Foward to today. I took my old school hand amp meter along with my trusty voltmeter and started looking around. When I turned the key to run the factory amp meter went to 25 or so amps and seconds later the smoke started leaking again. Having a flashlight this time and already being on my back on the floor I could see the smoke coming out of the switch. With further investigation I noticed the purple lead on the ignition switch was warm. The purple lead is the solenoid power and should not be hot when the switch is in the run position. The purple wires run to the neutral safety switch from the ignition switch so I unplugged the neutral switch and checked the wire at the ignition switch to ground and found it ungrounded. Then I checked the purple from the ignition switch to ground for voltage in the run position and found about 8 volts. Not good. I then pulled the ignition switch being pretty confident that it was the problem. Looking at the back of the switch I could see the plastic had definitely been hot and had bulged up. (Photo 1) Checking for continuity between the ACC post and the SOL post I found less than 20 ohms of resistance where there should be none. (photos 2&3) I took the switch apart just to see what was what. I didn't find anything that had fallen apart, but the plastic between the posts was melted away and they were touching. (Photo 4 lowest contacts in photo) My feeling is this would be caused by cranking the starter for long periods of time overheating the contacts and melting the plastic. My removing the old wiring harness and installing the new one disturbed the switch and caused additional damage to the switch.( At least that is my theory. I've never had to crank the truck for any length of time since I have had it as it has always started easily.) After enough bouncing around as I drove it eventually arced over inside when I was starting it. There was one time in the body shop I thought I saw a wiff of smoke upon start up but I could get it to repeat so I wrote it off as dust.

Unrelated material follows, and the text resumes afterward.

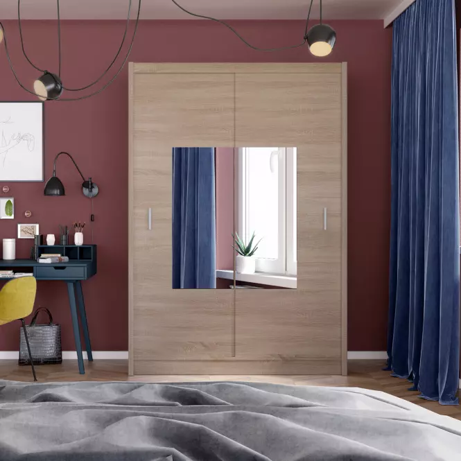 Wybarwienie w tonacji dąb sonoma dodaje szafie przytulności i ciepła, wprowadzając do wnętrza naturalne, drewnopodobne akcenty. Zarówno fronty, jak i korpus wykonane są w matowym wykończeniu, co nadaje szafie subtelnej elegancji, unikając nadmiernego połysku. Materiały użyte do jej produkcji, czyli płyta wiórowa laminowana, są trwałe i odporne na codzienne użytkowanie, a jednocześnie łatwe do utrzymania w czystości, co przekłada się na długowieczność mebla.
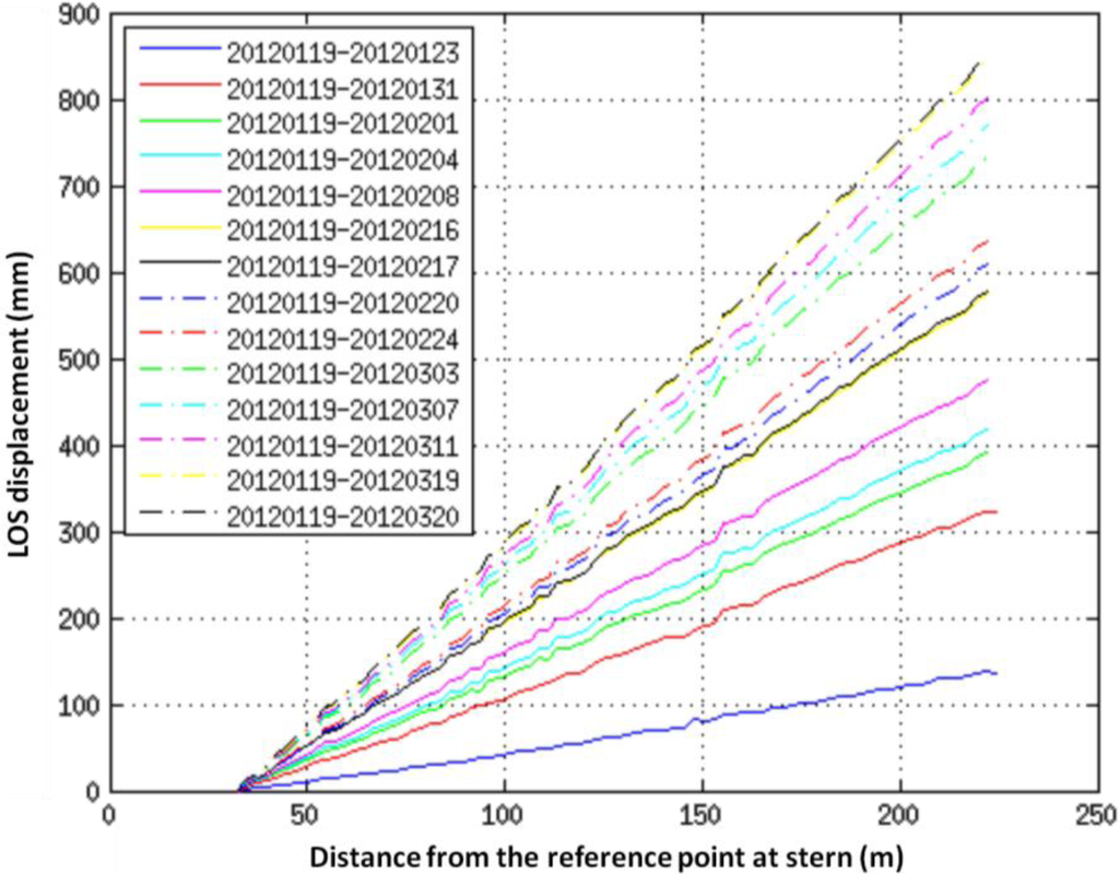 Examples of the cumulative displacement measured along the stern-bow profile for the temporal interval 11 January–20 March 2012, is presented in Figure 4. Each line represents the displacement measured in different time intervals defined by the available acquisitions, taking as reference the image acquired on 19 January 2012.

Any way a quick trip to Dan's Classic Chevrolet got me a new switch. (Photo 5) Then some checks on the bench to verify the old one was definitely bad before installation. Now the amp meter barely moves when the switch is moved to run.
So excited to be back on the road I drove across town and took mom to dinner to celebrate.

Posted to the music of the Poges.

https://m.youtube.com/watch?v=fBCiy6Da96o
Soryy for your woes, but thank you for the info. I'm having some similar issues, I now have somewhere to start tomorrow. Your truck is coming along very nicely BTW, I'm sure that you are proud! Thank you again!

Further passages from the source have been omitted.